- _What is needed_
Please output only the lines running from the one that contains "In Russian. Zubov, Viktor" through the last line of the data below, exactly as they stand, with no pictures.

- _Data below_
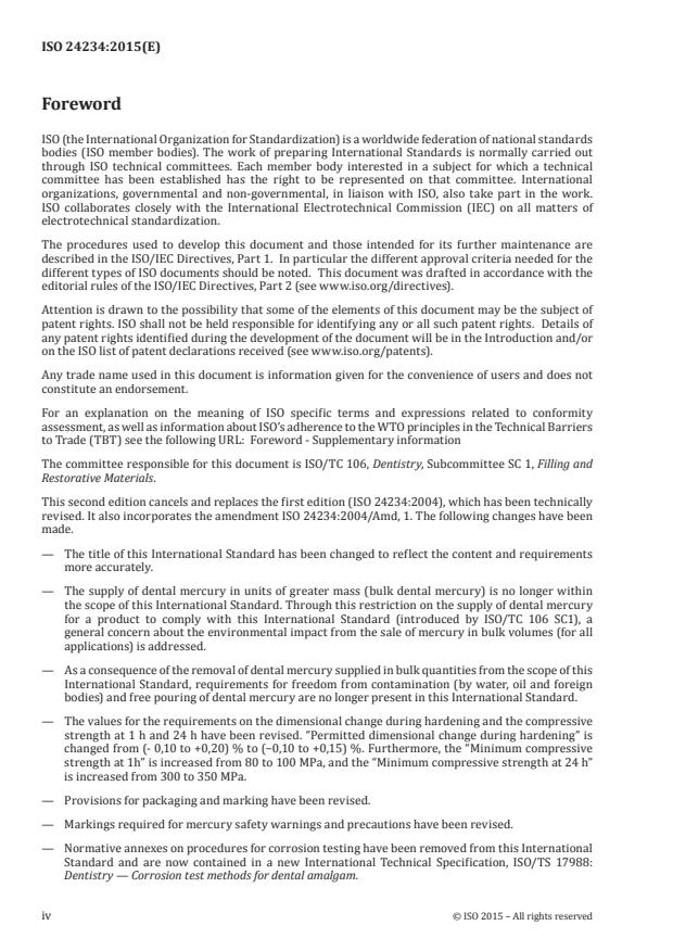 ISO 24234:2015 specifies the requirements and test methods for dental amalgam alloys that are suitable for the preparation of dental amalgam, together with the requirements and test methods for that dental amalgam and the requirements for packaging and marking (including those for dental mercury). It is applicable to dental amalgam alloys supplied in the form of a free-flowing powder in bulk, or a powder compressed to form a tablet, or a powder in a capsule (i.e. pre-capsulated).
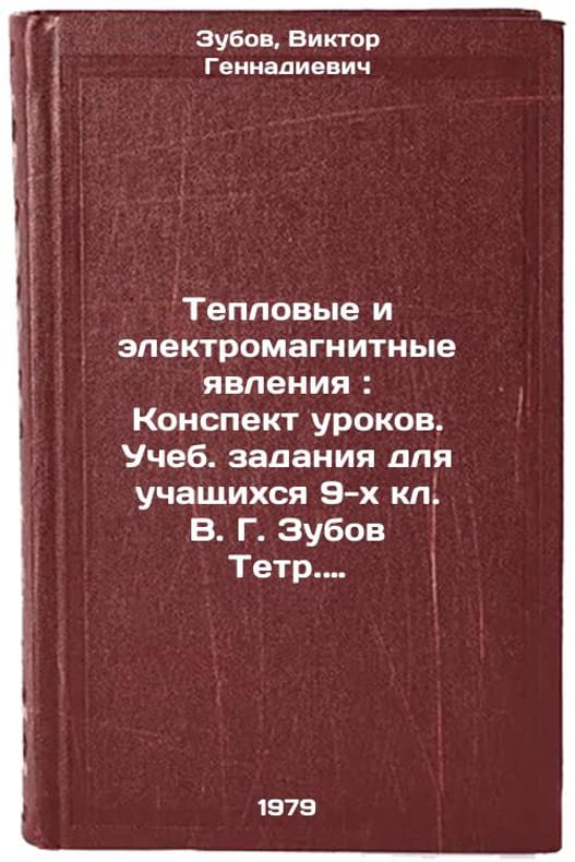 In Russian. Zubov, Viktor Gennadievich. Thermal and Electromagnetic Phenomena: Lessons Summary. Textbooks for Pupils of the 9th Kl. / V. G. Zubov Teter. 6. M.: Laboratory of Teaching Physics at the Research Institute of Content and Methods of Teaching, 1980. Teplovye i elektromagnitnye yavleniya: Konspekt urokov. Ucheb. zadaniya dlya uchashchikhsya 9-go kl. V. G. Zubov Tetr. 6. In Russian /Thermal and Electromagnetic Phenomena: Lessons Outline. Textbooks for Pupils of the 9th Kl. V. G. Zubov Ter. 6 . All images are for identification of editions only. Several books of the same edition may be available. Please feel free to request photos of available books. SKU999133
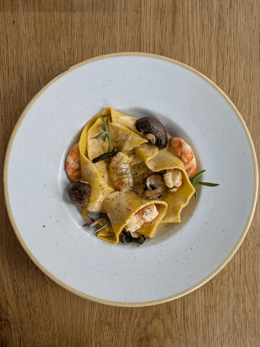 Edit: if you don’t like the criticism then get off the “line”. This dish is titled prawn pappardelle. Not pappardelle with mushrooms and prawns. Highlight the protein.

- _Written answer_
 In Russian. Zubov, Viktor Gennadievich. Thermal and Electromagnetic Phenomena: Lessons Summary. Textbooks for Pupils of the 9th Kl. / V. G. Zubov Teter. 6. M.: Laboratory of Teaching Physics at the Research Institute of Content and Methods of Teaching, 1980. Teplovye i elektromagnitnye yavleniya: Konspekt urokov. Ucheb. zadaniya dlya uchashchikhsya 9-go kl. V. G. Zubov Tetr. 6. In Russian /Thermal and Electromagnetic Phenomena: Lessons Outline. Textbooks for Pupils of the 9th Kl. V. G. Zubov Ter. 6 . All images are for identification of editions only. Several books of the same edition may be available. Please feel free to request photos of available books. SKU999133
 Edit: if you don’t like the criticism then get off the “line”. This dish is titled prawn pappardelle. Not pappardelle with mushrooms and prawns. Highlight the protein.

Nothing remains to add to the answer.